* _WHAT YOU HAVE TO DO_: An exact copy of every entry below is required, and no picture may appear in it.

++++ THE DATA ++++

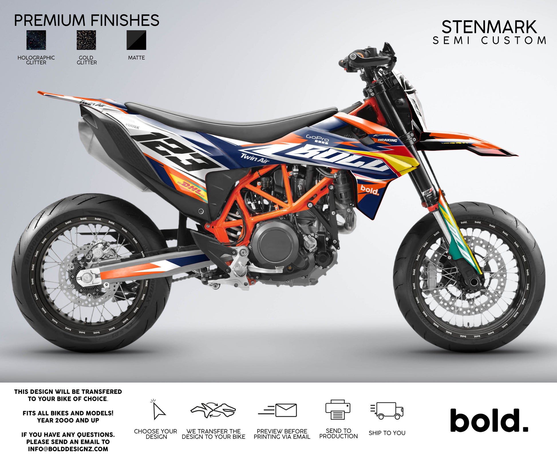 Your graphics will resist scratches, fading, and peeling, ensuring your bike maintains its head-turning looks for years to come. Don't settle for ordinary; embrace the extraordinary. Get your Bolddesignz Supermoto Semi-Custom Graphics and experience the thrill of riding a truly bold and unique bike.
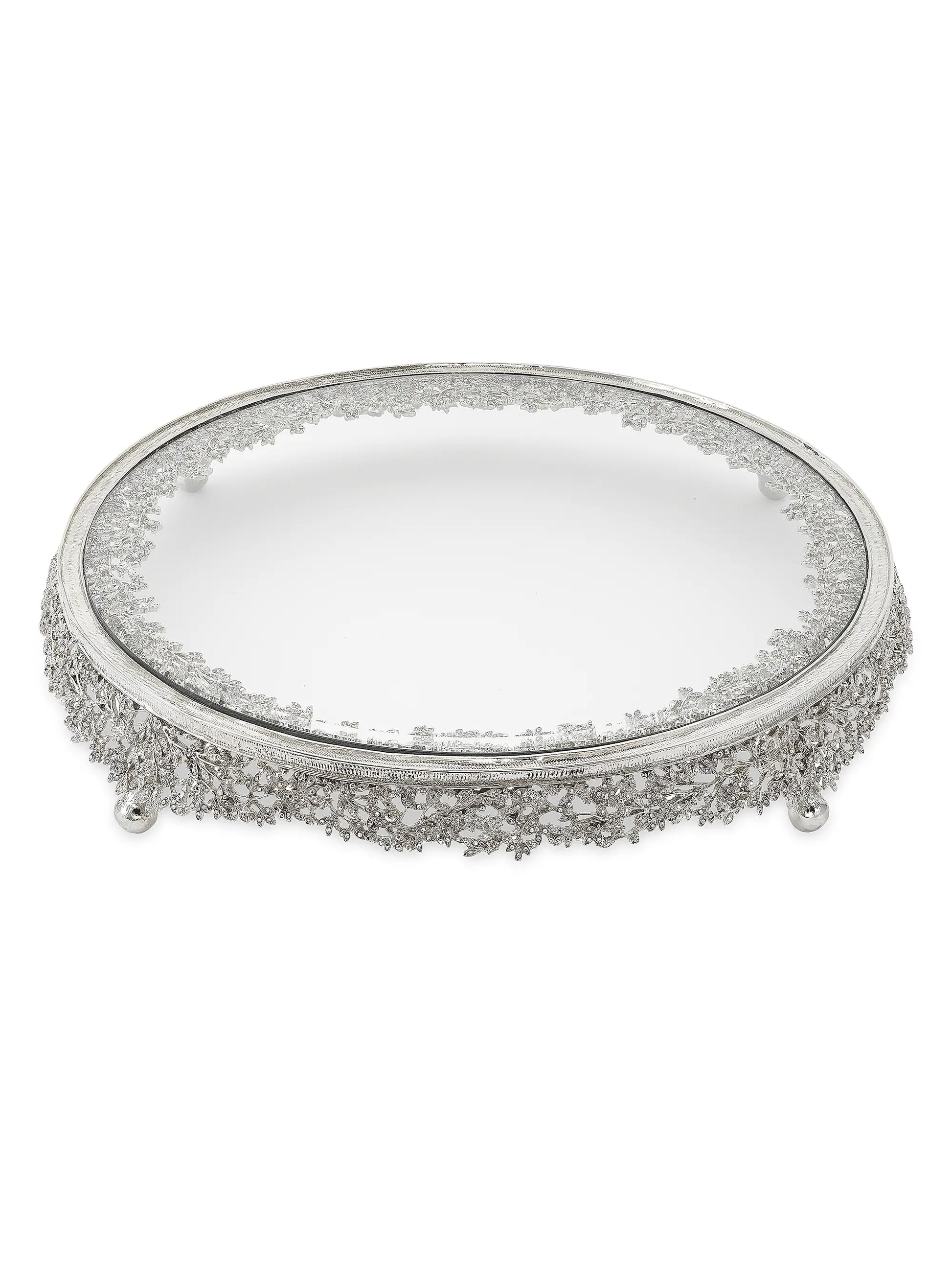 From the Isadora Collection. Inspired by nature, this contemporary cake plateau is crafted of silver-finished pewter in an intricate branch pattern and adorned with hand-set clear European crystals.
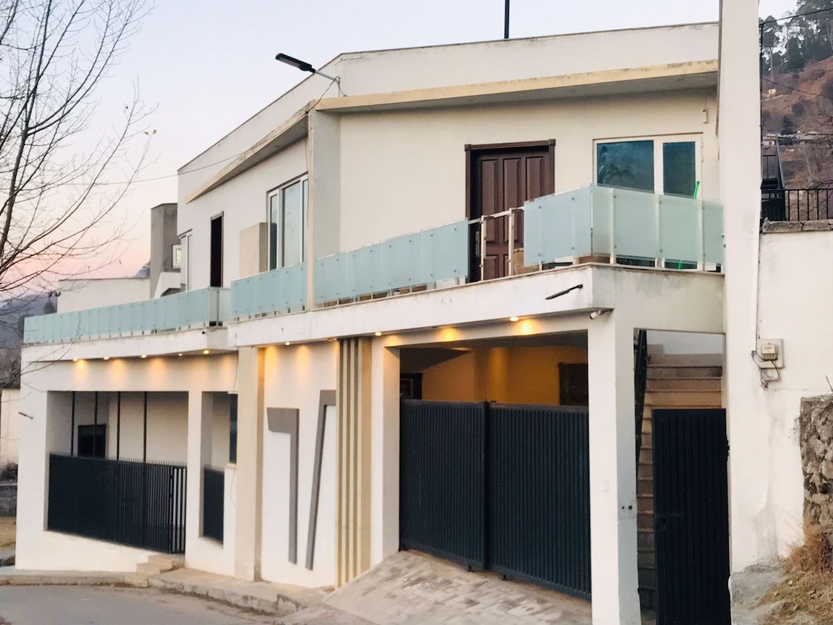 *Entire Brand new stylish unique design Penthouse Apartment - 3 en-suite bedrooms - 2 king beds 1 bunk bed - Entire Private Terrace *Peaceful & secured location on Lower Jhika Gali Road, MIT Murree *5 mins drive to Jhika Gali Bazar *10 mins drive to Kashmir Point and Mall Road Murree - Self catering - 1 Powder Room - Open plan Kitchen and lounge - 1 big terrace with ample seating space for 10-12 ppl - BBQ Grill - Secured Building with car park and elevator - Couples & Families only.
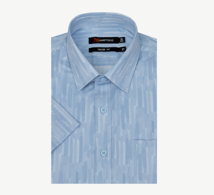 Áo sơ mi nam tay ngắn lai ngang – Khatoco - Mã hàng: A1MN538T2 - Chất liệu: 75% Polyester + 22% Viscose (Bamboo) + 3% Spandex → Vải mềm mại, thoáng mát, co giãn nhẹ,
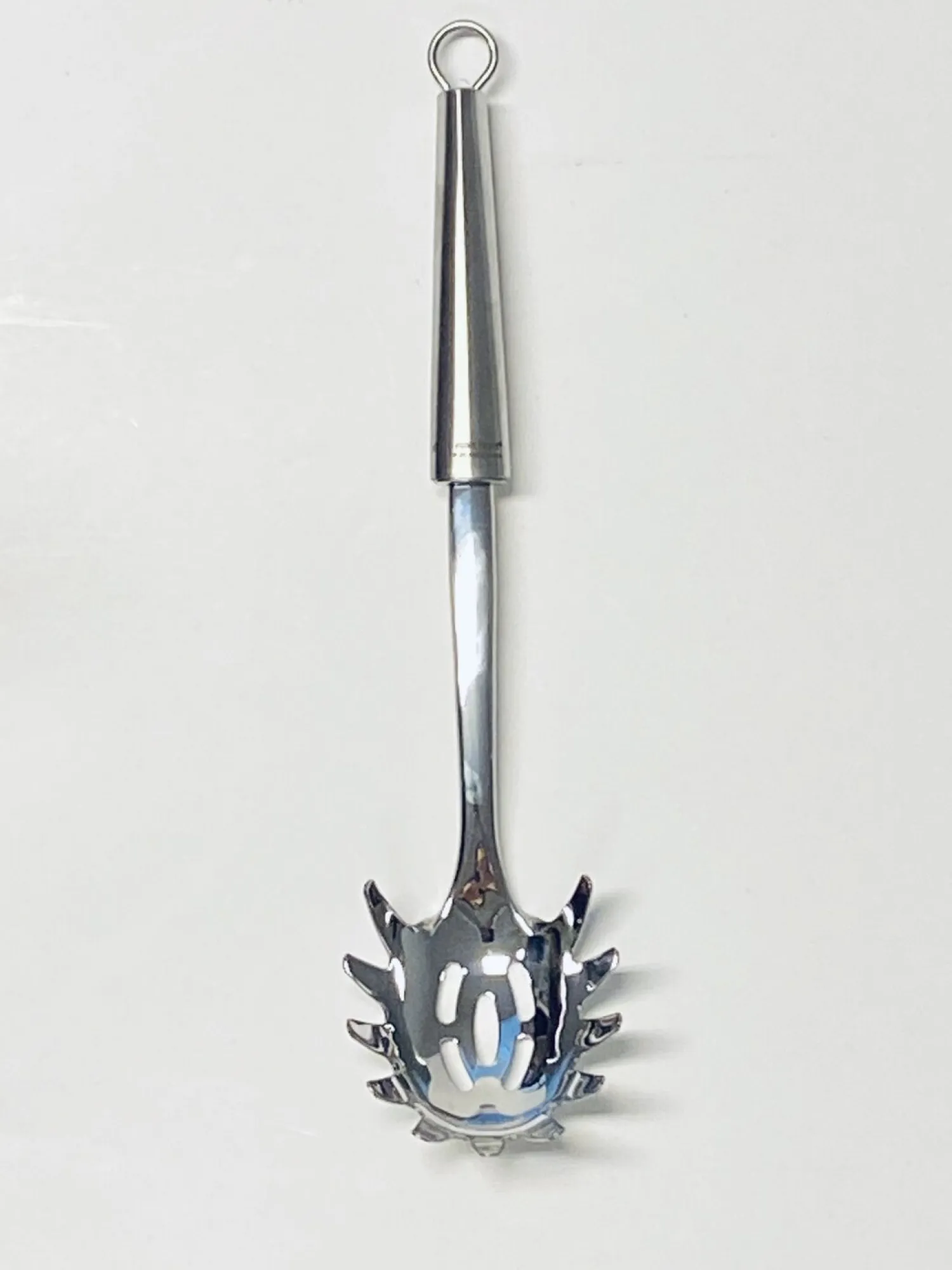 Det polerede rustfrie stål sikrer, at spaghettiskeen holder sig flot og funktionel gennem daglig brug. Materialet er modstandsdygtigt over for rust og tåler maskinopvask, hvilket gør den praktisk i det travle køkken.
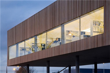 文章導(dǎo)讀:辦公樓北邊的外墻形成了一個(gè)緊湊的建筑構(gòu)造,建筑外部以交替的欄…
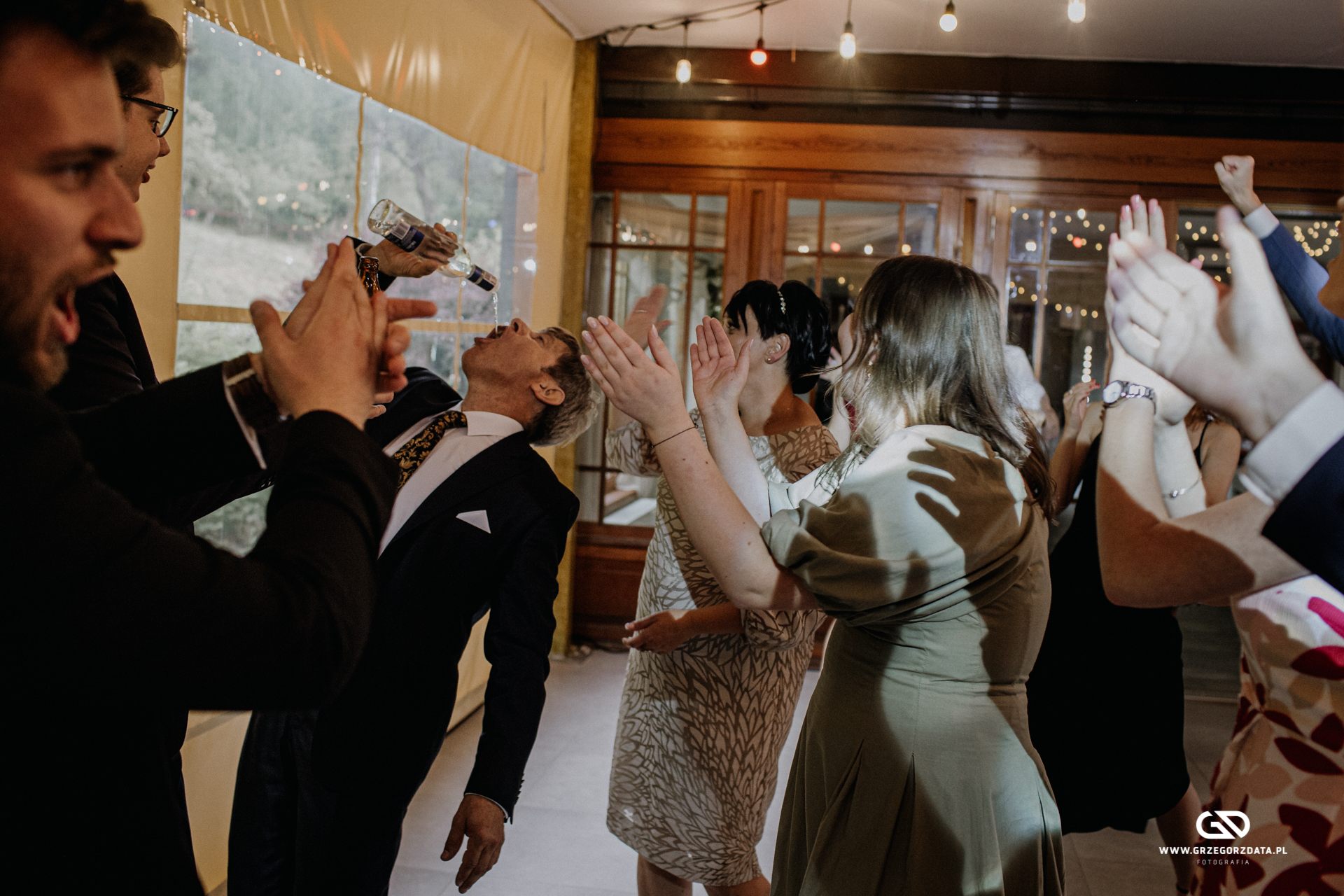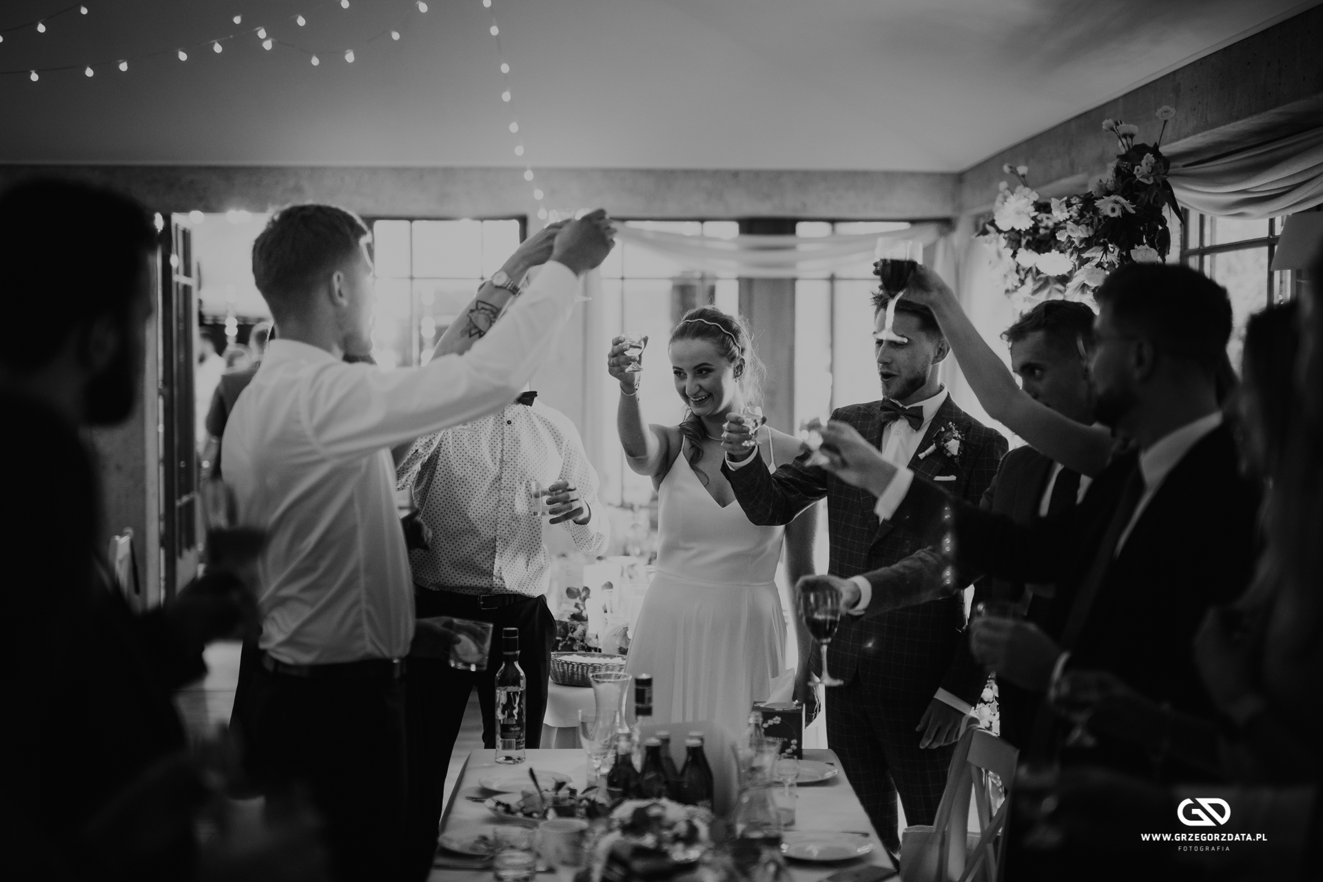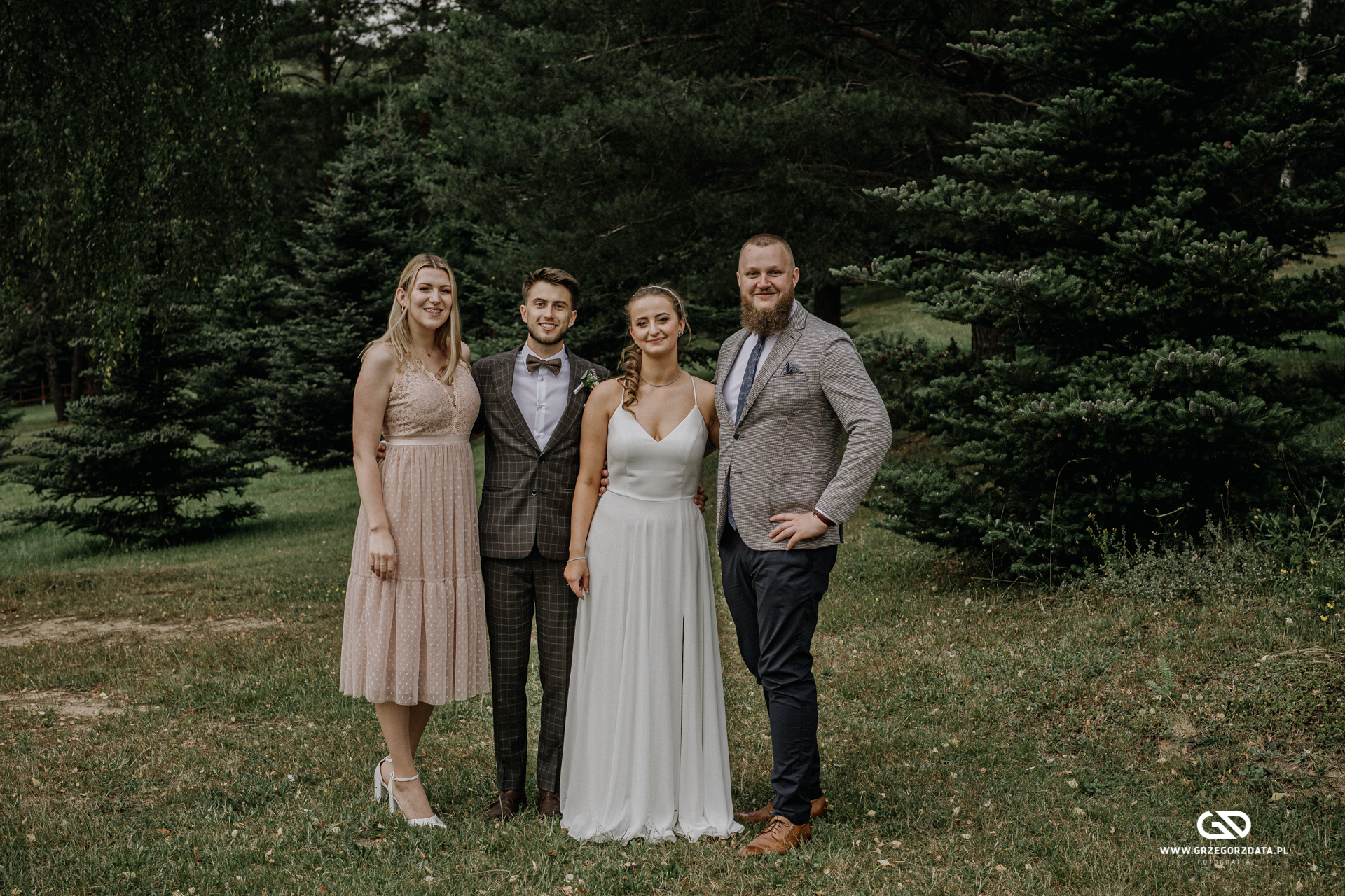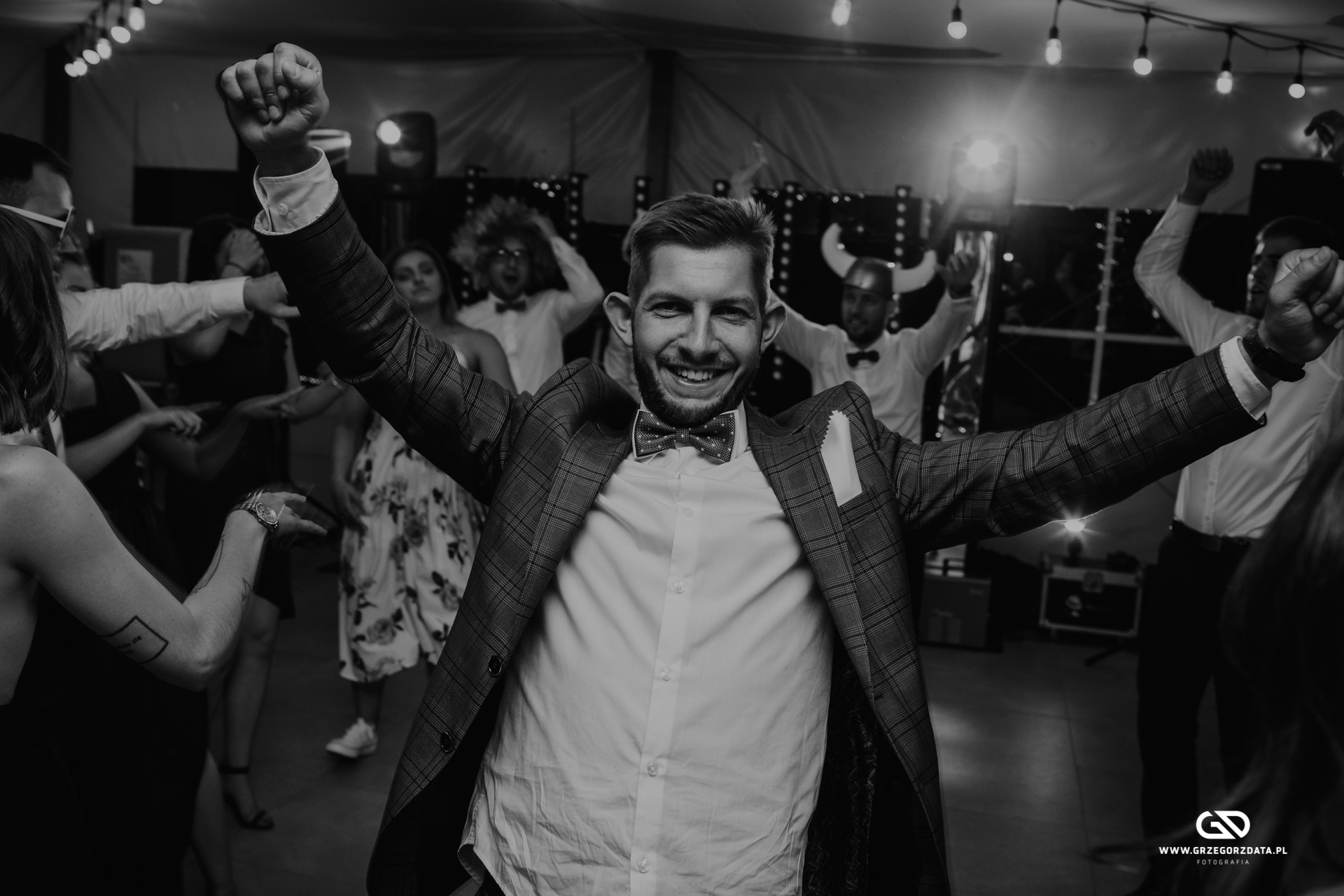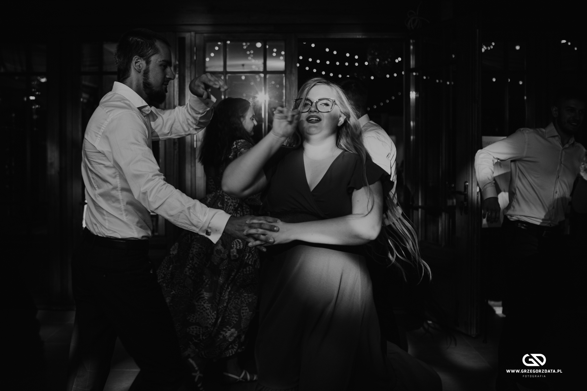 Po ślubie pora na zabawę. Uroczysko dostarczyło luźnej atmosfery – tak potrzebnej na tego typu weselach. Wszystko zgrało się idealnie, a ja dostałem od młodych tak dużą swobodę, że byłem wzruszony. Usłyszałem: “ufamy Ci w stu procentach, rób zdjęcia tak, jak czujesz” i niesionym tymi słowami postawiłem na uwiecznienie magii chwili. Bez nudnych, typowych kadrów, za to m.in. ze zdjęciami grupowymi w pięknym, zielonym otoczeniu w plenerze.

++++

* _TASK RESULT_:
 Your graphics will resist scratches, fading, and peeling, ensuring your bike maintains its head-turning looks for years to come. Don't settle for ordinary; embrace the extraordinary. Get your Bolddesignz Supermoto Semi-Custom Graphics and experience the thrill of riding a truly bold and unique bike.
 From the Isadora Collection. Inspired by nature, this contemporary cake plateau is crafted of silver-finished pewter in an intricate branch pattern and adorned with hand-set clear European crystals.
 *Entire Brand new stylish unique design Penthouse Apartment - 3 en-suite bedrooms - 2 king beds 1 bunk bed - Entire Private Terrace *Peaceful & secured location on Lower Jhika Gali Road, MIT Murree *5 mins drive to Jhika Gali Bazar *10 mins drive to Kashmir Point and Mall Road Murree - Self catering - 1 Powder Room - Open plan Kitchen and lounge - 1 big terrace with ample seating space for 10-12 ppl - BBQ Grill - Secured Building with car park and elevator - Couples & Families only.
 Áo sơ mi nam tay ngắn lai ngang – Khatoco - Mã hàng: A1MN538T2 - Chất liệu: 75% Polyester + 22% Viscose (Bamboo) + 3% Spandex → Vải mềm mại, thoáng mát, co giãn nhẹ,
 Det polerede rustfrie stål sikrer, at spaghettiskeen holder sig flot og funktionel gennem daglig brug. Materialet er modstandsdygtigt over for rust og tåler maskinopvask, hvilket gør den praktisk i det travle køkken.
 文章導(dǎo)讀:辦公樓北邊的外墻形成了一個(gè)緊湊的建筑構(gòu)造,建筑外部以交替的欄…
 Po ślubie pora na zabawę. Uroczysko dostarczyło luźnej atmosfery – tak potrzebnej na tego typu weselach. Wszystko zgrało się idealnie, a ja dostałem od młodych tak dużą swobodę, że byłem wzruszony. Usłyszałem: “ufamy Ci w stu procentach, rób zdjęcia tak, jak czujesz” i niesionym tymi słowami postawiłem na uwiecznienie magii chwili. Bez nudnych, typowych kadrów, za to m.in. ze zdjęciami grupowymi w pięknym, zielonym otoczeniu w plenerze.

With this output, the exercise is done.